DATA section start

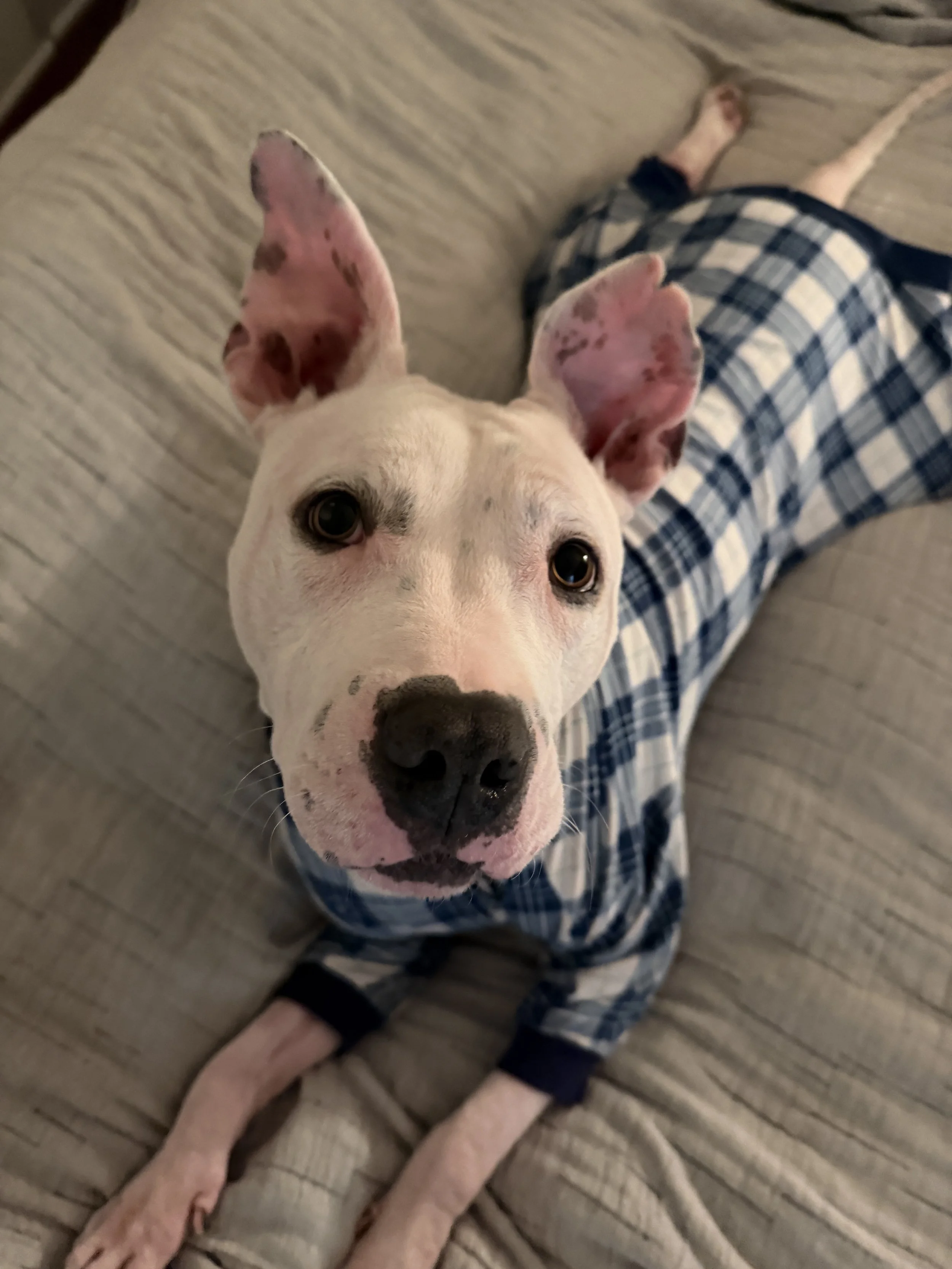 Pink was one massive ball of energy. She was obsessed with the ball and loved to play. She was hilarious. She loved to snuggle and hide under our bed covers. We rescued her from ALIVE Rescue. She passed on August 2025 from cancer. She is missed so much
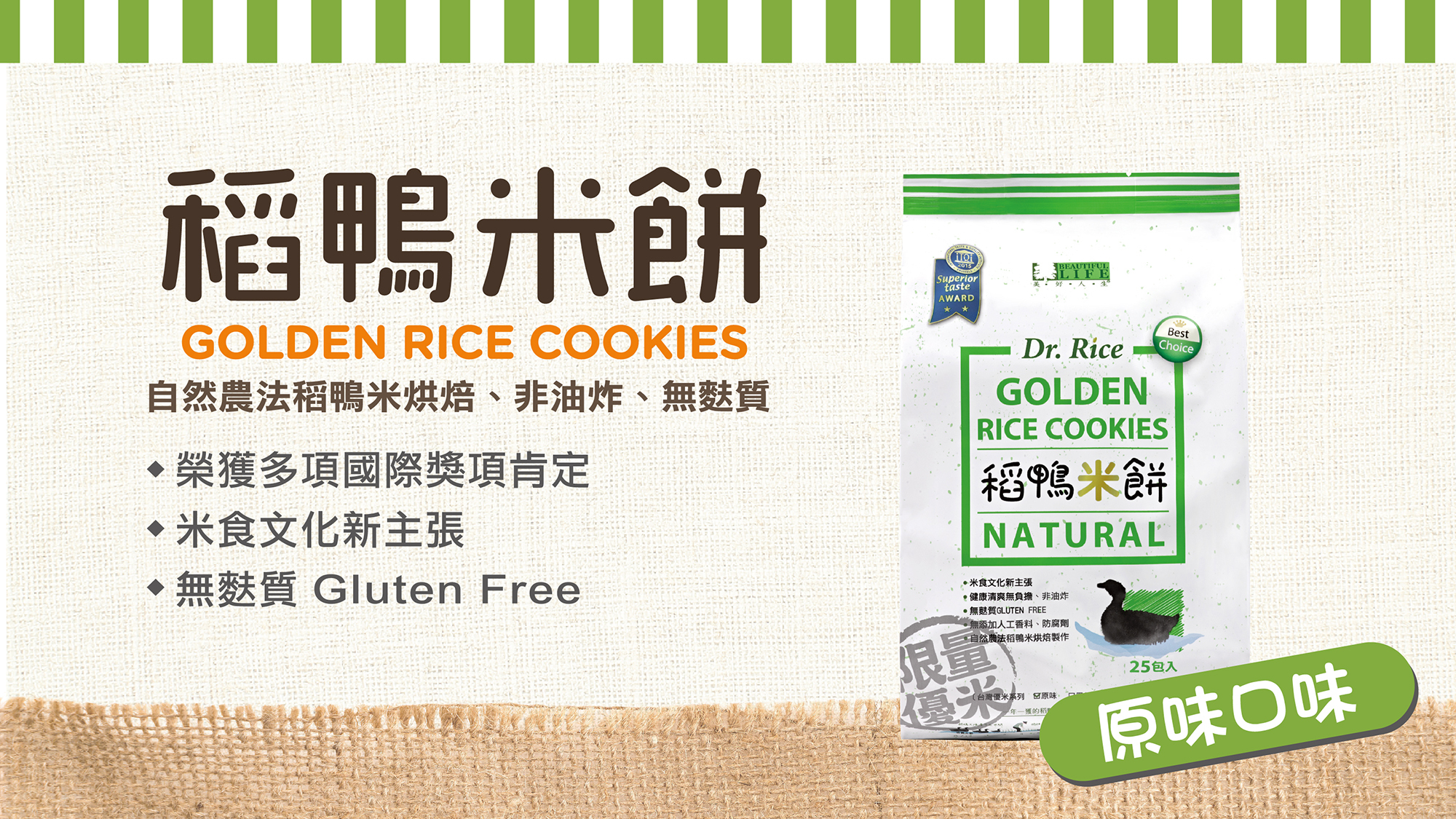 稻鴨米餅全系列商品(經典/有機原味、地瓜、菠菜口味)為米製品,適用於孩童、成人、長輩皆可食用。
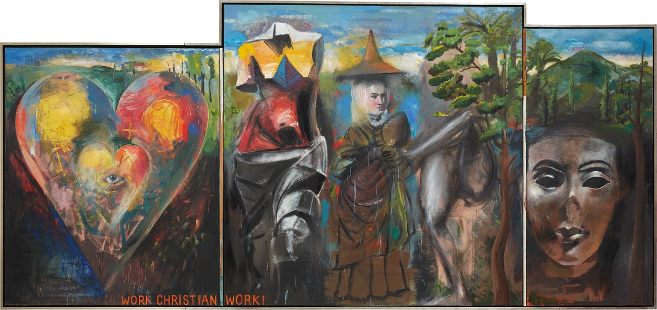 An expressive patchwork of multicolored brushstrokes, Jim Dine’s Work, Christian, Work! (after Creeley) from 1987 occupies the liminal space between dream-like realism and allover abstraction. Executed across three expansive canvases, the present lot pays homage to the artist’s dear friend and celebrated poet, Robert Creeley, whom Dine first met in 1967. Engaging with such legacies of Pop Art, Abstract Expressionism and Surrealism, Work, Christian, Work! (after Creeley) nevertheless defies such easy categorizations. The present work debuted at The Pace Gallery’s 1988 exhibition Jim Dine: New Paintings, just a year after its creation. In his introductory essay published in the exhibition catalogue, Carter Ratcliff discusses how the artist’s paintings from this decade deftly hover between abstraction and realism. He writes, “Dine turns to the visible world for imagery, yet I compare him to an abstract painter because he arranges images of places and things with a freedom seen only in the wake of Pollock’s allover painting…Alloverness is anti-composition, so Dine’s work of the 1980s presents the astonishing spectacle of images well-drawn, hence primed for secure places in well composed pictures, yet floating free in allover fields…By accepting and reinventing alloverness, Pollock’s legacy, he insists that he is American” (Carter Ratcliff, Jim Dine: New Paintings, exh. cat., The Pace Gallery, February 5 - March 5, 1988, n.p.).

DATA section end

§ **TO DO**: Retype each line of the data exactly, beginning with the first; include the line containing "稻鴨米餅全系列商品(經典/有" and stop there, skipping every picture.

§ **RESPONSE TO THIS TASK**:
 Pink was one massive ball of energy. She was obsessed with the ball and loved to play. She was hilarious. She loved to snuggle and hide under our bed covers. We rescued her from ALIVE Rescue. She passed on August 2025 from cancer. She is missed so much
 稻鴨米餅全系列商品(經典/有機原味、地瓜、菠菜口味)為米製品,適用於孩童、成人、長輩皆可食用。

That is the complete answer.